### What needs to be done
The expected result is the full set of records, copied precisely, with images dropped.

Records drawn from a dataset:
● ● ● ● ● ● ●
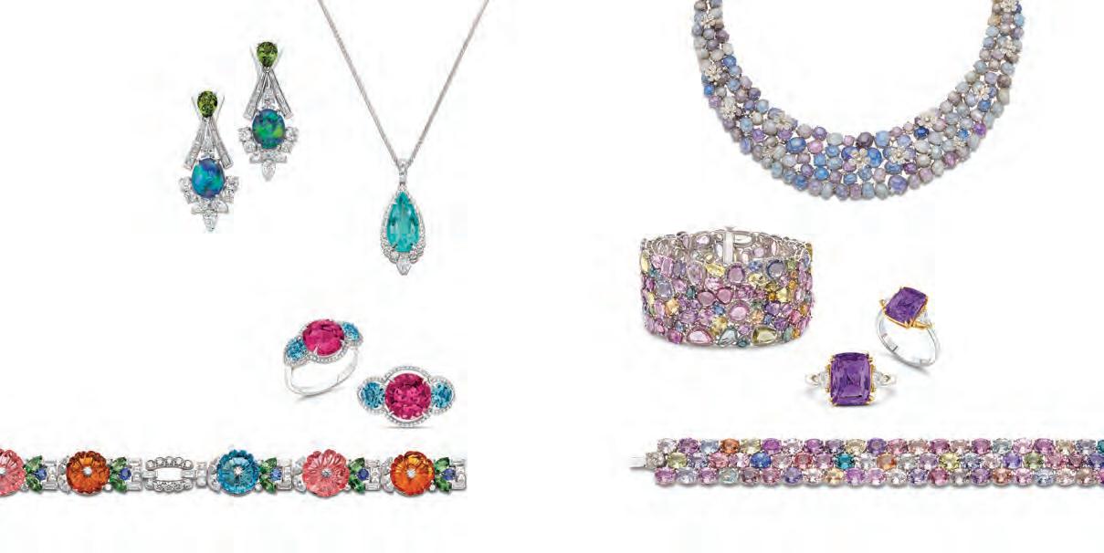 4. Bracelet with aquamarine, pink tourmaline, citrine, tsavorites, sapphires and diamonds set in platinum. $53,570
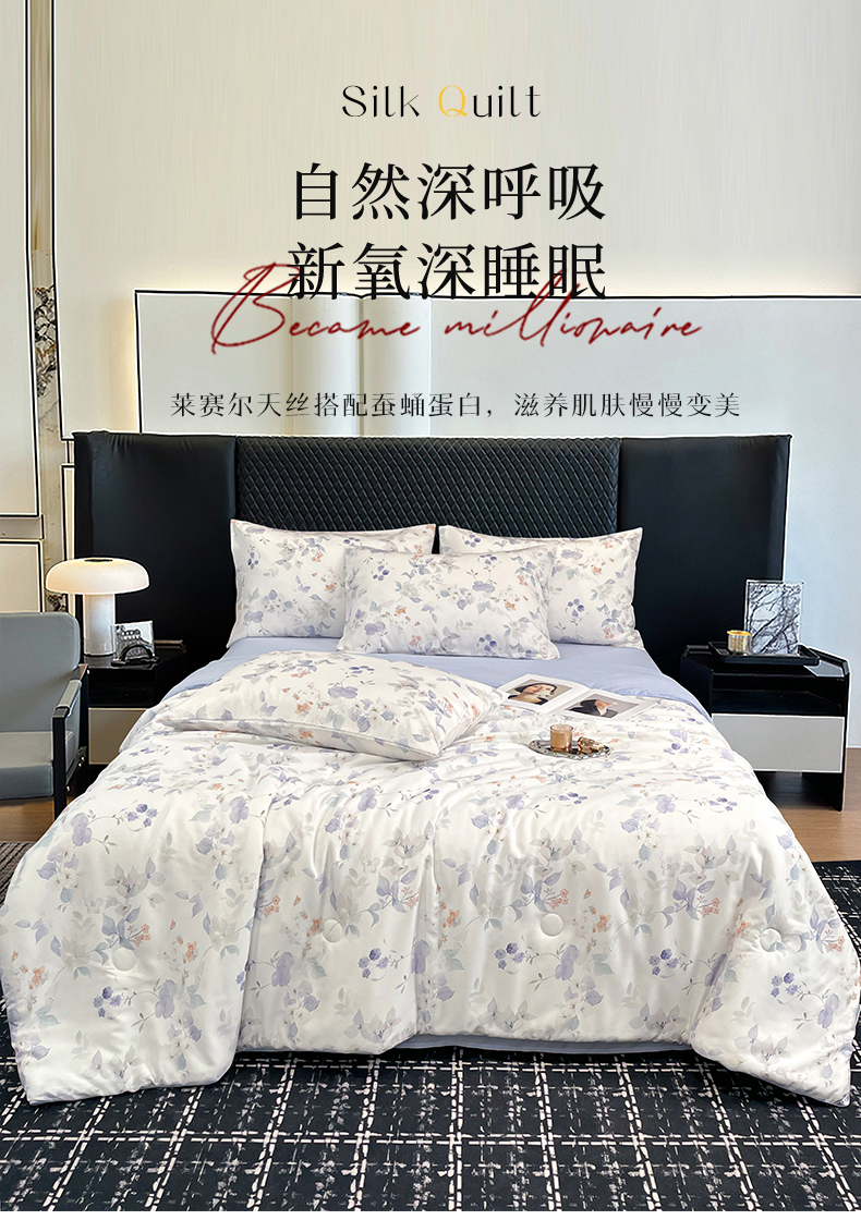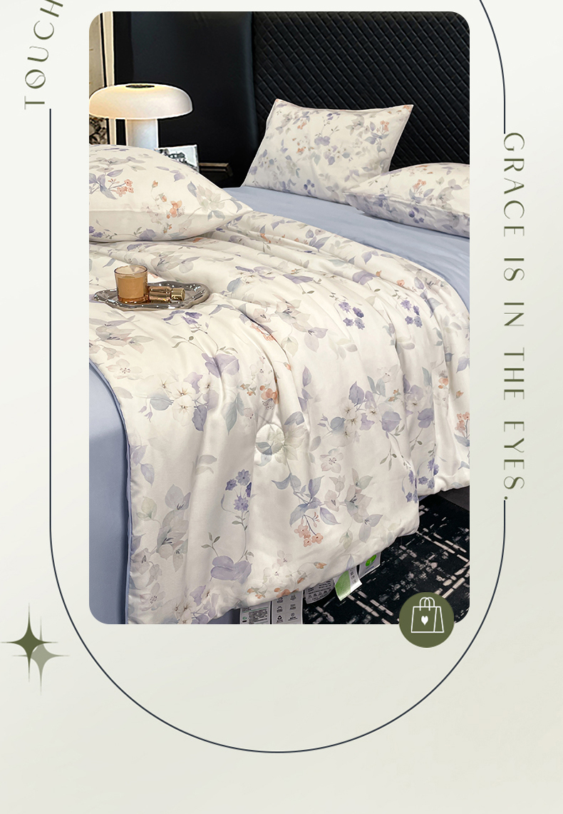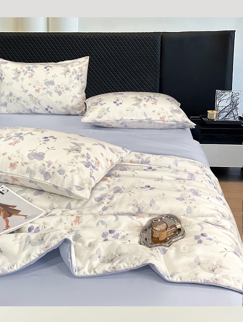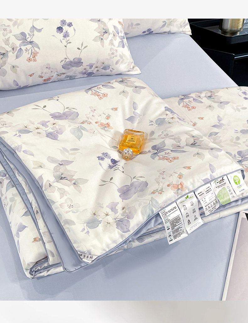 (总)尊妙被业 2026春夏新款莱赛尔天丝夏被蚕蛹蛋白夏被夏凉被空调被四件套-印花款,暗香绘-棕,花颜外-蓝,林屿间-粉,林语花夏-米,柳语素枝-绿,蔓行-绿,沐初-兰,叶间绒雪-兰,自然低语-绿
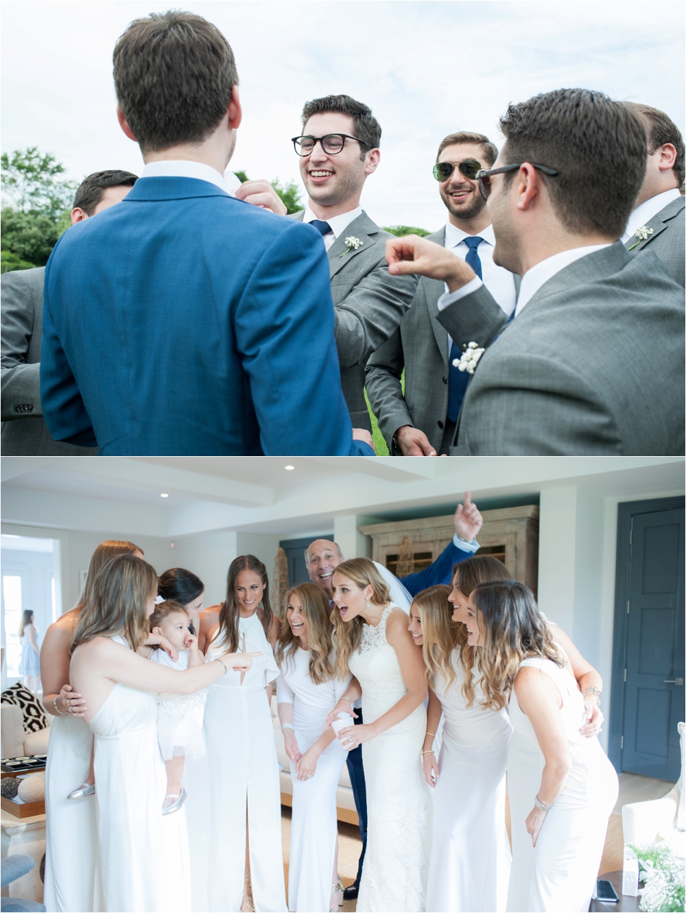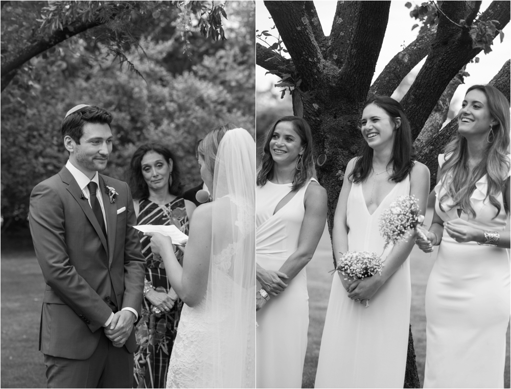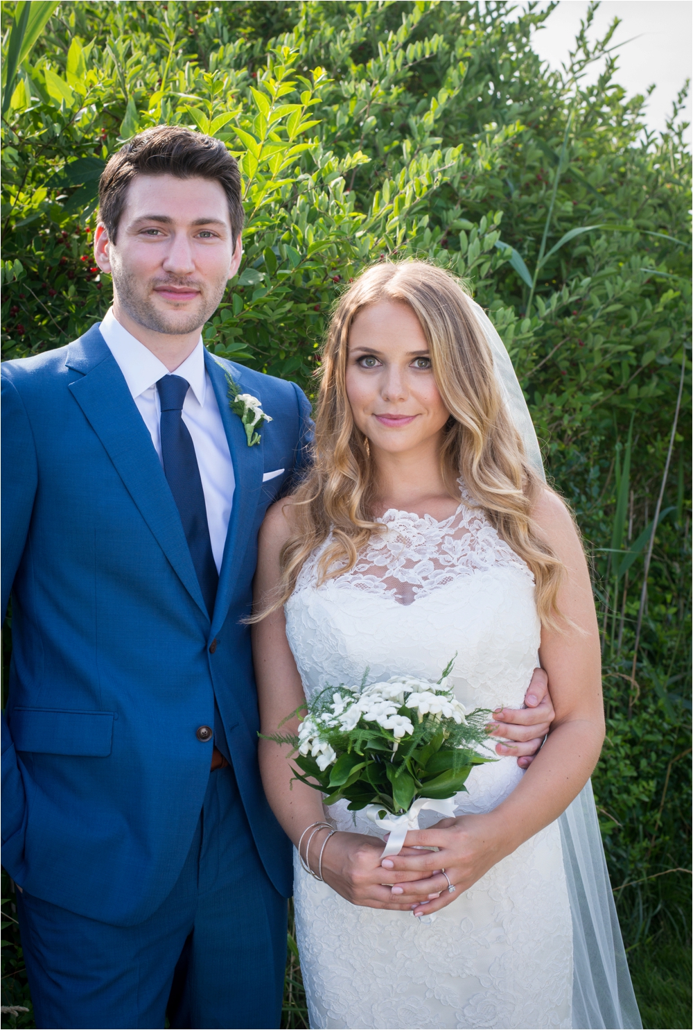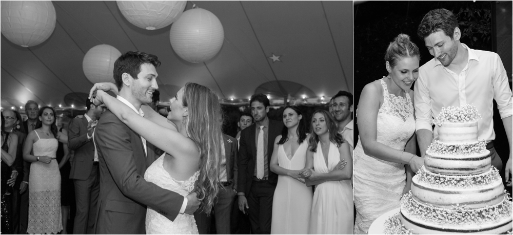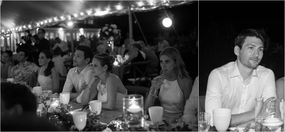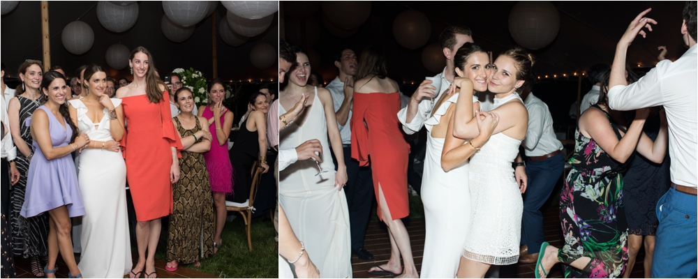 Welcome to Ali and Jason’s relaxed backyard affair with a touch of Jay Gatsby, brought to life by Duke and Van Deusen Weddings. Sperry Tents set up one of their signature sail cloth tents at the bride’s summer home in Southampton, NY, Matt Murphy lit the heck out of it with a zillion giant white paper lanterns bride’s summer house, the bridal party rocked it in all white, and Anastasia of Sag Harbor Florist blew us away with her wedding canopy of flowers and branches strung between an aisle of trees.
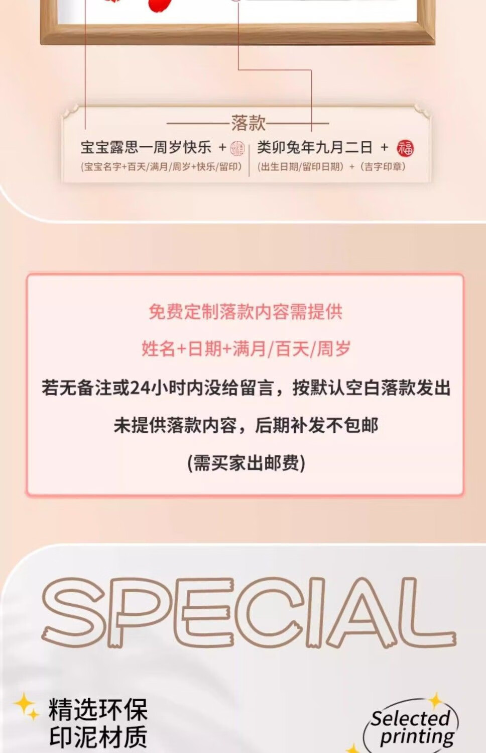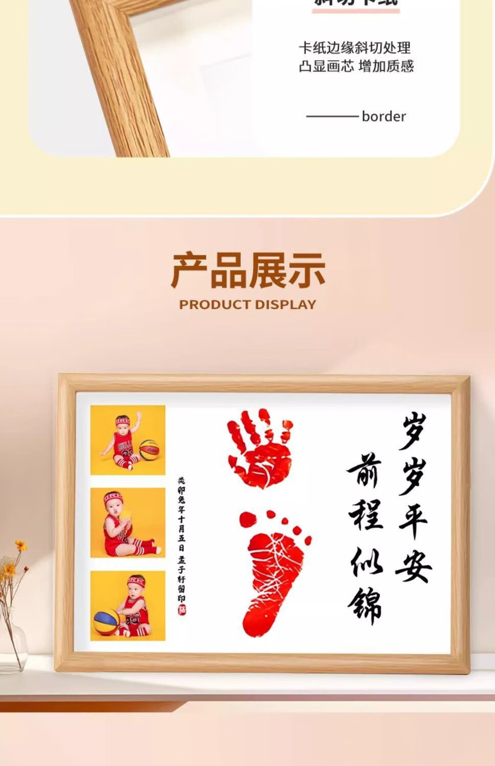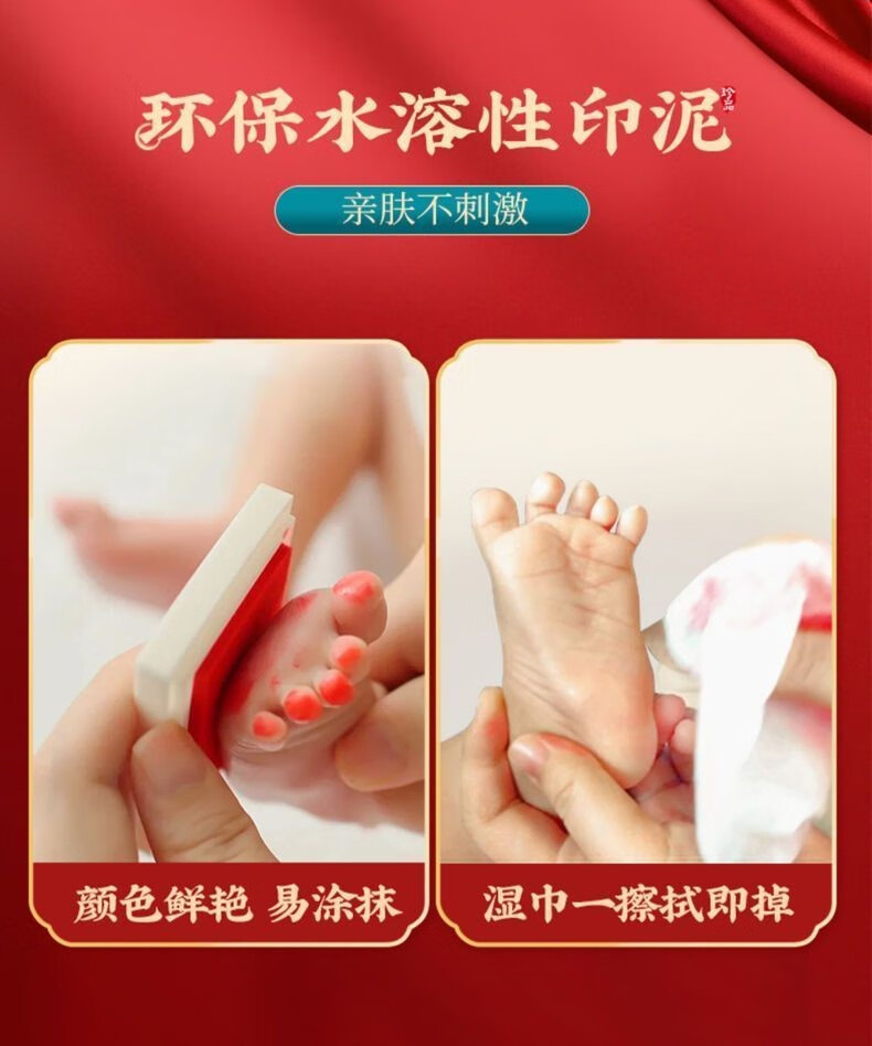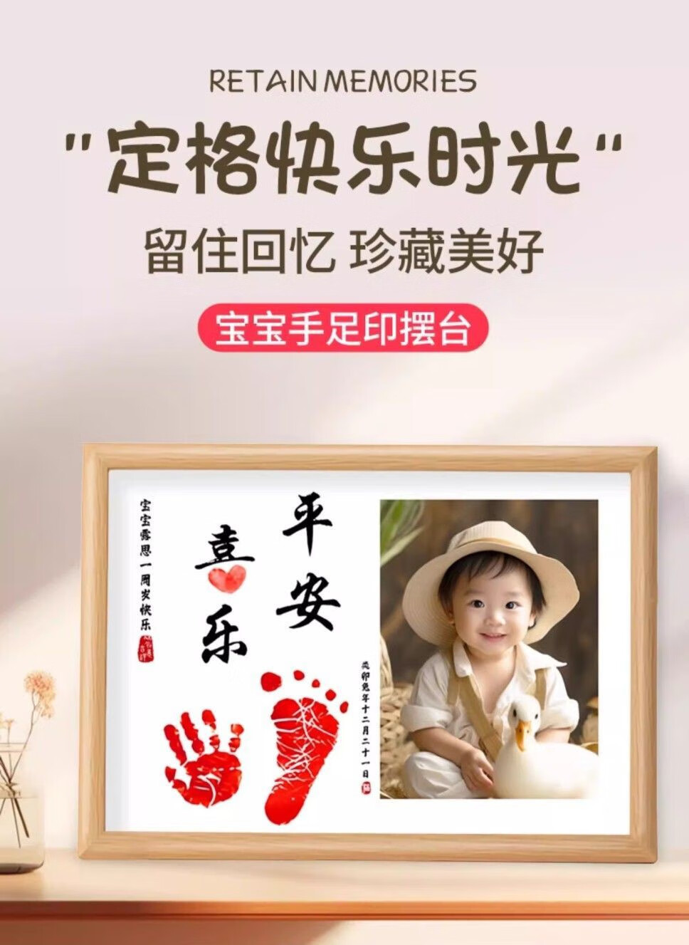 宝宝满月周岁一岁一礼百天脚印相框手足印留纪念品字画仪式感道具 a4顺遂无忧平安喜乐
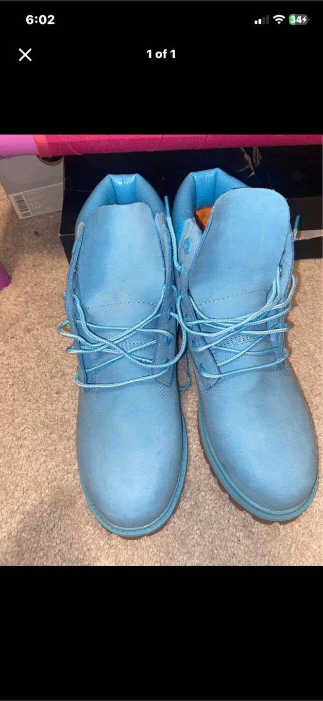 Buy & SellTimberland Boots - Light BlueTimberland Boots - Light Blue$90Light blue Timberland boots. Woman’s size 7 serious buyers , only worn onceConditionLike newSize7BrandTimberlandWHERE TO MEETCheck LocationView MapSELLERShatW Brant100 reviews0 chats·1 favorites·15 views
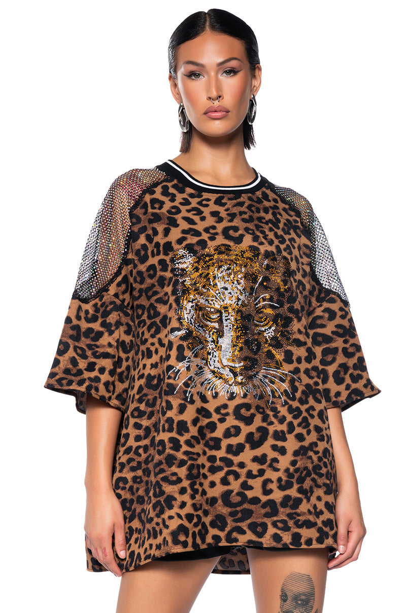 We have infinite love for The AWNIS Label Always N Forever Short Sleeve Print T Shirt. This subtly textured knit top features animal print patterning throughout. a sporty ribbed knit crew neckline. short sleeves. and a boxy. oversized silhouette. Complete with cut out rhinestone mesh shoulder detailing and a rhinestone-embellished leopard chest graphic. Style this piece with a faux leather mini skirt and thigh high boots to complete your graphic streetwear look!
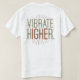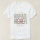 La camiseta muestra el texto "Vibrate Higher" en un vibrante espectro de colores. Cada letra fluye al siguiente como una ola, creando un aspecto dinámico y energético.
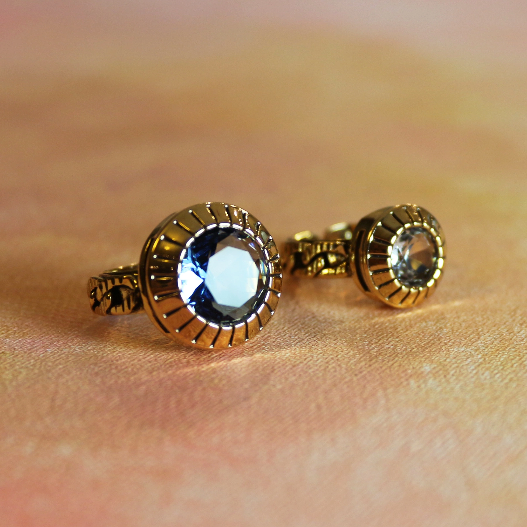 Duży złocony pierścionek z niebieskim kryształem. NIEBIESKIE OCZY
● ● ● ● ● ● ●
### Written solution
 4. Bracelet with aquamarine, pink tourmaline, citrine, tsavorites, sapphires and diamonds set in platinum. $53,570
 (总)尊妙被业 2026春夏新款莱赛尔天丝夏被蚕蛹蛋白夏被夏凉被空调被四件套-印花款,暗香绘-棕,花颜外-蓝,林屿间-粉,林语花夏-米,柳语素枝-绿,蔓行-绿,沐初-兰,叶间绒雪-兰,自然低语-绿
 Welcome to Ali and Jason’s relaxed backyard affair with a touch of Jay Gatsby, brought to life by Duke and Van Deusen Weddings. Sperry Tents set up one of their signature sail cloth tents at the bride’s summer home in Southampton, NY, Matt Murphy lit the heck out of it with a zillion giant white paper lanterns bride’s summer house, the bridal party rocked it in all white, and Anastasia of Sag Harbor Florist blew us away with her wedding canopy of flowers and branches strung between an aisle of trees.
 宝宝满月周岁一岁一礼百天脚印相框手足印留纪念品字画仪式感道具 a4顺遂无忧平安喜乐
 Buy & SellTimberland Boots - Light BlueTimberland Boots - Light Blue$90Light blue Timberland boots. Woman’s size 7 serious buyers , only worn onceConditionLike newSize7BrandTimberlandWHERE TO MEETCheck LocationView MapSELLERShatW Brant100 reviews0 chats·1 favorites·15 views
 We have infinite love for The AWNIS Label Always N Forever Short Sleeve Print T Shirt. This subtly textured knit top features animal print patterning throughout. a sporty ribbed knit crew neckline. short sleeves. and a boxy. oversized silhouette. Complete with cut out rhinestone mesh shoulder detailing and a rhinestone-embellished leopard chest graphic. Style this piece with a faux leather mini skirt and thigh high boots to complete your graphic streetwear look!
 La camiseta muestra el texto "Vibrate Higher" en un vibrante espectro de colores. Cada letra fluye al siguiente como una ola, creando un aspecto dinámico y energético.
 Duży złocony pierścionek z niebieskim kryształem. NIEBIESKIE OCZY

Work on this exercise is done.